Aviva Investors equity funds: Impact of Brexit
Emerging-market and Asia Pacific equities
The funds proved relatively resilient to the shock ‘Brexit’ decision on 23 June, performing broadly in line with benchmark. The fall in Asian and emerging-market shares seen on 24 June, of around 3.5 per cent in US dollar terms, was deep but not unprecedented for the asset classes.
It is debatable how much impact the UK departing the EU will have on emerging markets and Asia Pacific. A UK recession and a general decline in risk appetite look more likely, while a strengthening US dollar could add to headwinds facing emerging economies. To put this risk in context, the UK accounts for one per cent to four per cent of Asian exports*. The peak exposure to the UK is found in EMEA, with the country Turkey’s second biggest trading partner at eight per cent of exports.
*Source: Bloomberg, 29 June 2016
Potential positioning changes
Our funds are managed on a long-term basis using a process that emphasises high-quality companies with sustainable returns. We will continue to monitor developments closely. We do not envisage materially altering our investment positioning.
European Equity (excluding the UK) Fund – sector allocation within the IT and healthcare sectors contributed to more positive relative performance.
European Equity Fund (including the UK) – top contributing sectors were financials, consumer discretionary and materials. The fund is not exposed to UK, nor the majority of large European banks which performed badly. Defensive holdings in Reed and Compass performed relatively well. In the materials sector, Syngenta performed relatively well as did CHR and Novozymes – both of which are high quality defensive names. Our holdings in the healthcare sector underperformed as a number of small biotech holdings performed poorly.
European Income Fund – financials and telecoms were the main contributors at a sector level. In financials, Danske and Swiss Re performed well. The fund benefited from being exposed to mainly high quality European banks. In the telecoms sector, not holding Telefonica and Telecom Italia shares aided performance as the two telecom groups performed badly. However, consumer staples shares were the main detractor.
Potential positioning changes
We have not made major changes to portfolios in the wake of the 23 June EU referendum vote. Instead, we are looking to add to holdings with business models that we trust and with management teams possessing the ability to lead the business through a volatile political and economic environment. The slump in share prices on 24 June brought valuations to more reasonable levels from an historical perspective.
Our main fear is that the European Commission makes an example of the UK to try and deter other countries leaving the bloc. While we expect euro-zone growth to be slightly lower in 2016 than was the case before 23 June, we still expect output to expand. We maintain a positive view on 2017 earnings’ growth prospects.

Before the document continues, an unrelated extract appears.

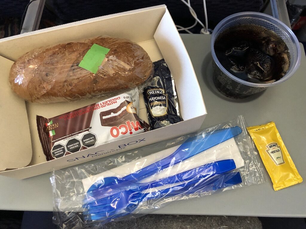 Inhalt waren ein Sandwich mit Senf und Mayonnaise sowie ein abgepackter Kuchen. Beim Abräumen fällt auf wieviel Abfall ein solches Angebot verursacht, insbesondere mit dem nicht wirklich notwendigen Besteck aus Hartplastik.

The convertible bond market reacted to the Brexit vote in an orderly fashion compared with other shocks such as in 2008-9 and 2011, with little sign of forced convertibles selling. The major initial price impact came from lower share prices and wider higher-yield credit spreads. As prices fell, there was evidence of buying shares on the dip. Also, there were signs of more yield-focused demand with purchases of investment-grade bonds by the European Central Bank and for high-grade credit, so convertibles with yield can offer value.
Around four per cent of our convertibles portfolios were held in UK issuers on 24 June, versus a six per cent benchmark weighting. Some small ‘opportunistic’ positions in UK real estate developers hurt performance as sentiment turned against the sector. That said, Derwent, British Land, and Helical Bar all have low gearing and limited exposure to the financial sector, though this is focused in London. We held these shares given that they now trade close to their bond floor and possess credit that is generally short-dated while the companies have low levels of leverage.
Portfolios headed into 24 June with an overweight in Europe, but not one that was assuming a Remain vote. Structurally, the names we held in Europe seemed to offer value and tended to be in defensive businesses such as telecoms and German real estate.
Potential positioning changes
We decided not to make sweeping changes to the portfolios. Two telecom names in particular, Telecom Italia and KPN, are particularly sensitive to equity moves and came close to our ‘sell’ price limit. But given the sharp price falls in these more defensive companies with limited UK exposure, we kept both positions.
Finally, there is limited portfolio exposure to non-UK issuers with significant revenues and earnings denominated in sterling but translated to another currency. The US is a major component of portfolio exposures and has held up relatively well to events.
As we await the responses from governments in the UK and on the continent to the referendum vote, we will not move aggressively to add more risk to the portfolio.
Except where stated as otherwise, the source of all information is Aviva Investors Global Services Limited (“Aviva Investors”) as at 29 June 2016. Unless stated otherwise any opinions expressed are those of Aviva Investors. They should not be viewed as indicating any guarantee of return from an investment managed by Aviva Investors nor as advice of any nature. The value of an investment and any income from it may go down as well as up and the investor may not get back the original amount invested. Past performance is not a guide to the future.